WORK INSTRUCTION:
Please retype the data below line for line and leave out every picture.

PROVIDED ENTRIES START

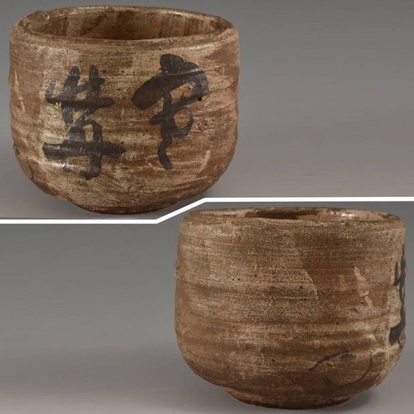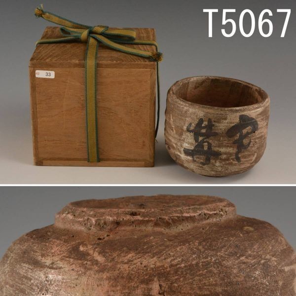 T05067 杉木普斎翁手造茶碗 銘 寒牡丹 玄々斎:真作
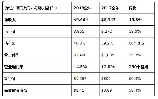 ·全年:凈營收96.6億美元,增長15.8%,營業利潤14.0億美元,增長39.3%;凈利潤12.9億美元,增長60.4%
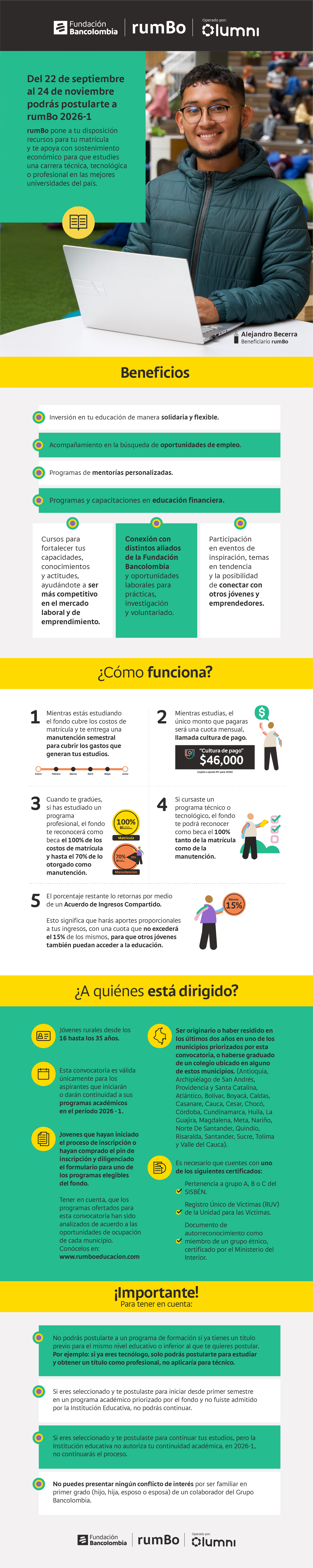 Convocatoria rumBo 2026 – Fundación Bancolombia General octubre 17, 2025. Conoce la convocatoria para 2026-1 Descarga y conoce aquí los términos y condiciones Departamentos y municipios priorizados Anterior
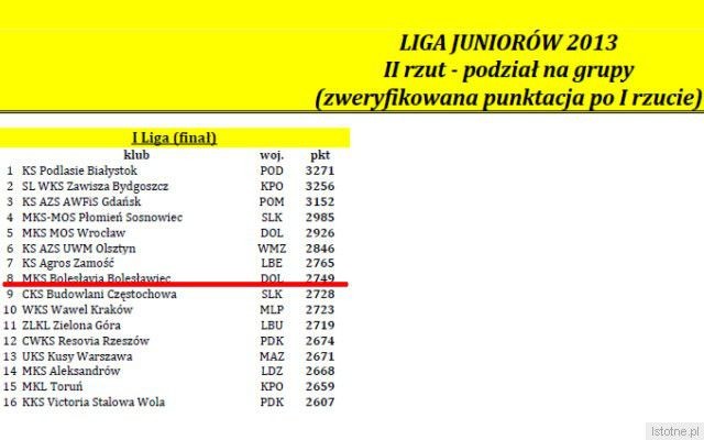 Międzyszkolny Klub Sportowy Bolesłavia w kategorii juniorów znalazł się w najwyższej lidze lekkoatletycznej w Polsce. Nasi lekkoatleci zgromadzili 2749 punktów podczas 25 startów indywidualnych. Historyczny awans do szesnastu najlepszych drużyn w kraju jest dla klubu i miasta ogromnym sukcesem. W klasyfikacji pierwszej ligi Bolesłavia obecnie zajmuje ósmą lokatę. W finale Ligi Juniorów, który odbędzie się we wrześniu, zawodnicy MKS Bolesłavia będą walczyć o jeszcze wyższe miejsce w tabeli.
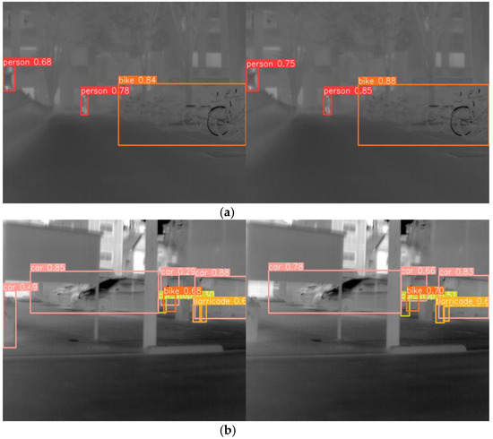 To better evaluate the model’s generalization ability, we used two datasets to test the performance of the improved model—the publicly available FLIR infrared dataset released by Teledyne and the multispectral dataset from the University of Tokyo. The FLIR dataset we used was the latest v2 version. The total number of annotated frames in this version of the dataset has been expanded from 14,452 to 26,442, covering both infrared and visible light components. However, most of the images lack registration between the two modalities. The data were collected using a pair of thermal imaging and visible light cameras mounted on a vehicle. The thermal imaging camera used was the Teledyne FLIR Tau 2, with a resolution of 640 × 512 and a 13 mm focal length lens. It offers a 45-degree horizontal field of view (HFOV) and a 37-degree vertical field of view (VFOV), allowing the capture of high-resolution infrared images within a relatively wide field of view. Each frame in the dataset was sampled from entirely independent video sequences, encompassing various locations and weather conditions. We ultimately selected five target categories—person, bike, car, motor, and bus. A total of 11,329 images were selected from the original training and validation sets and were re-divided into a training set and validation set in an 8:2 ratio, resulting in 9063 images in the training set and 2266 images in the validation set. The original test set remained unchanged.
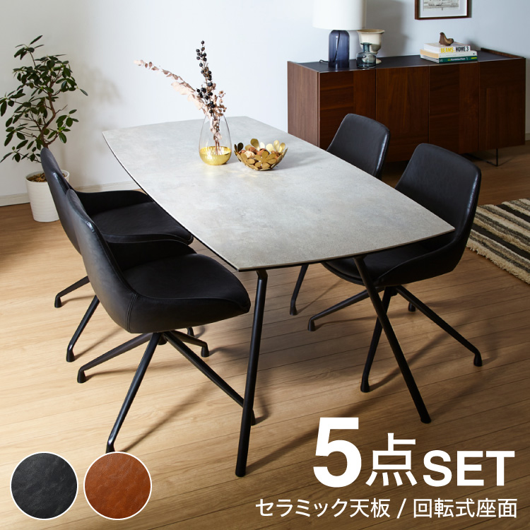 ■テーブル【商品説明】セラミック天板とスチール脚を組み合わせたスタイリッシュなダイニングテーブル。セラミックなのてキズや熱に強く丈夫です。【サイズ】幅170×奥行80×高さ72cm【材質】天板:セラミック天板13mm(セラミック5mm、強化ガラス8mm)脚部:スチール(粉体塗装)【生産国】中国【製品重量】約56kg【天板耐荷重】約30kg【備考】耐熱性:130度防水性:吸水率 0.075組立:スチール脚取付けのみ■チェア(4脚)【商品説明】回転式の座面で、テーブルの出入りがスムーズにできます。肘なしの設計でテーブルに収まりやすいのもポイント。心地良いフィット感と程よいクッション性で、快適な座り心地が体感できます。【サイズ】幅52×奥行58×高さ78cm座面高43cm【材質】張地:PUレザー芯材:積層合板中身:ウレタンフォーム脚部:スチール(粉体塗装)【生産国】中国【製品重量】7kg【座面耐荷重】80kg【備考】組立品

PROVIDED ENTRIES END

RESPONSE TO THE TASK:
 T05067 杉木普斎翁手造茶碗 銘 寒牡丹 玄々斎:真作
 ·全年:凈營收96.6億美元,增長15.8%,營業利潤14.0億美元,增長39.3%;凈利潤12.9億美元,增長60.4%
 Convocatoria rumBo 2026 – Fundación Bancolombia General octubre 17, 2025. Conoce la convocatoria para 2026-1 Descarga y conoce aquí los términos y condiciones Departamentos y municipios priorizados Anterior
 Międzyszkolny Klub Sportowy Bolesłavia w kategorii juniorów znalazł się w najwyższej lidze lekkoatletycznej w Polsce. Nasi lekkoatleci zgromadzili 2749 punktów podczas 25 startów indywidualnych. Historyczny awans do szesnastu najlepszych drużyn w kraju jest dla klubu i miasta ogromnym sukcesem. W klasyfikacji pierwszej ligi Bolesłavia obecnie zajmuje ósmą lokatę. W finale Ligi Juniorów, który odbędzie się we wrześniu, zawodnicy MKS Bolesłavia będą walczyć o jeszcze wyższe miejsce w tabeli.
 To better evaluate the model’s generalization ability, we used two datasets to test the performance of the improved model—the publicly available FLIR infrared dataset released by Teledyne and the multispectral dataset from the University of Tokyo. The FLIR dataset we used was the latest v2 version. The total number of annotated frames in this version of the dataset has been expanded from 14,452 to 26,442, covering both infrared and visible light components. However, most of the images lack registration between the two modalities. The data were collected using a pair of thermal imaging and visible light cameras mounted on a vehicle. The thermal imaging camera used was the Teledyne FLIR Tau 2, with a resolution of 640 × 512 and a 13 mm focal length lens. It offers a 45-degree horizontal field of view (HFOV) and a 37-degree vertical field of view (VFOV), allowing the capture of high-resolution infrared images within a relatively wide field of view. Each frame in the dataset was sampled from entirely independent video sequences, encompassing various locations and weather conditions. We ultimately selected five target categories—person, bike, car, motor, and bus. A total of 11,329 images were selected from the original training and validation sets and were re-divided into a training set and validation set in an 8:2 ratio, resulting in 9063 images in the training set and 2266 images in the validation set. The original test set remained unchanged.
 ■テーブル【商品説明】セラミック天板とスチール脚を組み合わせたスタイリッシュなダイニングテーブル。セラミックなのてキズや熱に強く丈夫です。【サイズ】幅170×奥行80×高さ72cm【材質】天板:セラミック天板13mm(セラミック5mm、強化ガラス8mm)脚部:スチール(粉体塗装)【生産国】中国【製品重量】約56kg【天板耐荷重】約30kg【備考】耐熱性:130度防水性:吸水率 0.075組立:スチール脚取付けのみ■チェア(4脚)【商品説明】回転式の座面で、テーブルの出入りがスムーズにできます。肘なしの設計でテーブルに収まりやすいのもポイント。心地良いフィット感と程よいクッション性で、快適な座り心地が体感できます。【サイズ】幅52×奥行58×高さ78cm座面高43cm【材質】張地:PUレザー芯材:積層合板中身:ウレタンフォーム脚部:スチール(粉体塗装)【生産国】中国【製品重量】7kg【座面耐荷重】80kg【備考】組立品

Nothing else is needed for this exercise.